In recent months, however, there has been abundant evidence that the Soviet military, which has supported the arms control policies of Gorbachev, no longer sees things this way. There are growing complaints from Soviet military circles and their conservative Communist Party allies, aired in the Soviet news media and elsewhere, that the arms control treaties and the CFE pact in particular are unequal deals.

Soviet officials complain that circumstances have changed since the 22-nation CFE pact was signed in a dramatic ceremony in Paris last November. The cuts in troops and armaments in Europe were based on the balance of forces between the two military alliances - NATO and the Warsaw Pact, the Soviets say.

Now, "the Warsaw Pact no longer exists, but NATO continues to function," argues Tass military analyst Vladimir Bogachev in an April 4 commentary. "Moreover, the Soviet Union has begun to pull out its troops from Eastern Europe. These changes can by no means be ignored."

Soviet officials, such as Marshal Sergei Ahkromeyev, a Gorbachev military adviser and a former chief of the general staff of the Soviet armed forces, have recently been loudly sounding a longtime Soviet theme - that NATO should follow the Warsaw Pact's example and dissolve itself as a military organization. They have been particularly disturbed by recent moves from former Eastern European allies, such as Czechoslovakia, to seek some form of association with NATO.

Still, analysts here suggest two reasons why the military may still want the CFE treaty to go ahead. One is that under the next phase of the treaty, Germany will make a significant cut in the number of its forces. Secondly, the Soviets are eager to push for Europe-style arms control in the Pacific, particularly with Japan. Gorbachev plans to revive calls for such security talks, including limits on the powerful US Pacific Navy, during his visit to Japan this week.

If CFE is to survive, the Soviets must give some ground to US charges that they have violated, in principle and spirit, the CFE agreement.

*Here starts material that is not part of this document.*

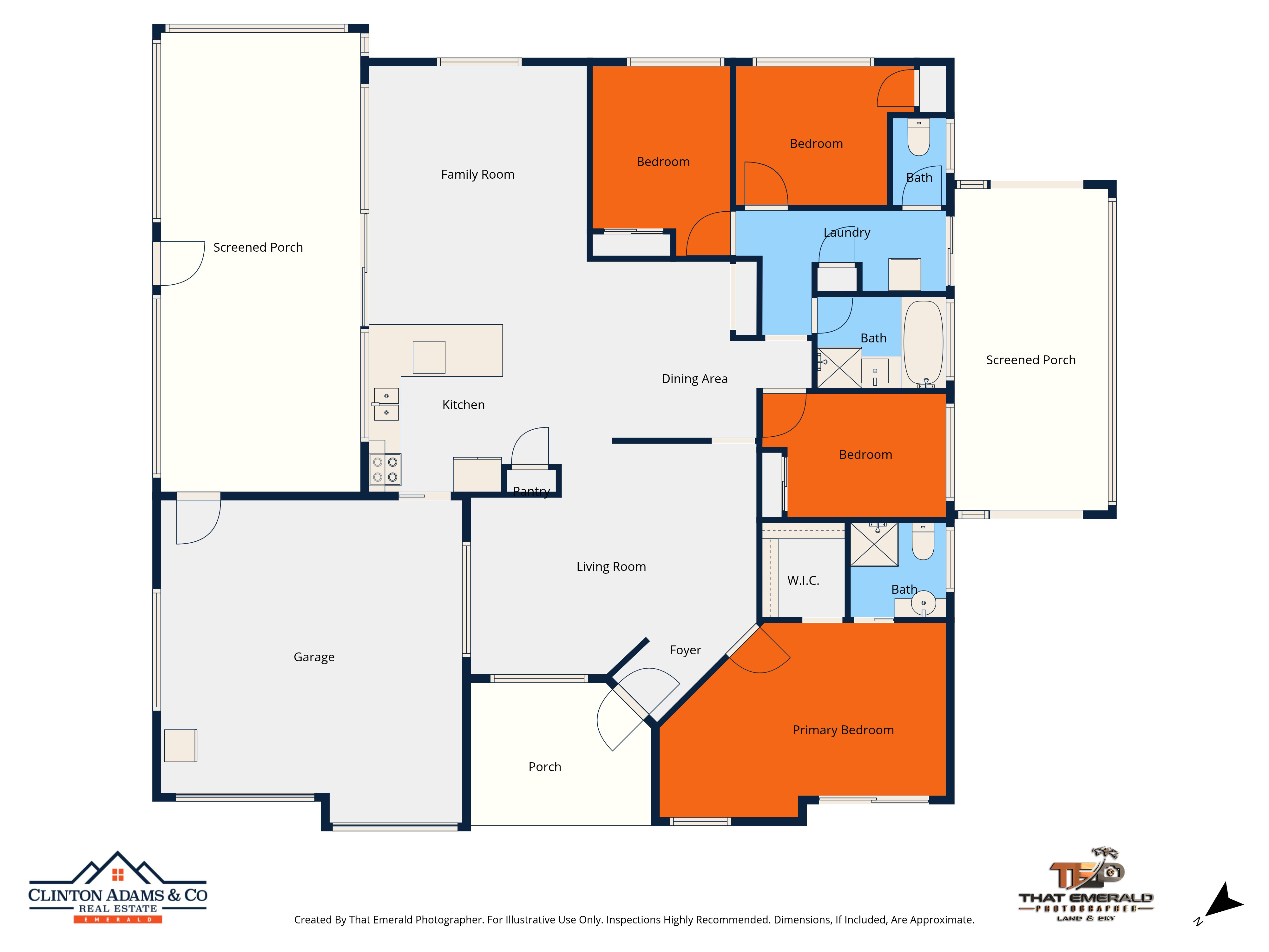 • Additional screened entertainment area adjoining the kitchen and dining

Under the agreement, the Soviet Union is to reduce its forces in Europe to less than half their previous levels. For example, Soviet tank forces, which stood at 41,500 in July 1988, according to Soviet defense officials, are to come down to 13,300.

Soviets use loophole?

But when the Soviet Union turned over its official data following the treaty signing, it was revealed that about 20,000 tanks had already been moved east of the Ural mountains, where they fall outside the treaty's purview. Most of those tanks, as well as artillery and armored cars, will be used to replace older equipment. Technically this is not a treaty violation, but US officials believe the Soviets are using a loophole to evade the intent of the pact.

US attentions, however, have focused on the Soviet move to reclassify three infantry divisions, equipped with 3,700 tanks, as naval coastal defense units. This transfer took place before the treaty mandate was signed in December 1989, said Maj. Gen. Vladimir Kouklev, first deputy chief of the Ministry of Defense Legal Department, in an interview earlier this year with the Monitor.

The Soviet military official argued that it was the West that sought to exclude naval forces, protecting its advantage in ships and marines. Under those circumstances, he continued, the Soviet Union was compelled to strengthen its coastal defenses, assigning one division each to the Black Sea, Baltic, and Northern fleets. The Soviets threaten to reintroduce the need to limit naval forces if the US presses the issue.

"Our view is that is a shell game," says a US official. "The treaty covers equipment within a geographic area. You can't just change the name of it." According to press reports, Bush's latest letter offers a compromise by focusing not on the issue of principle, but rather on the numbers of equipment.

There are indications the Soviet military may be ready to make a deal on this basis. According to a Tass account of a meeting last week between Soviet Defense Minister Dmitri Yazov and German politician Alfred Dregger, Marshal Yazov defended the transfer of the three divisions as "an entirely internal Soviet affair." But he added that "all the military equipment in the divisions was counted and included in the number of arms which we retain according to the treaty."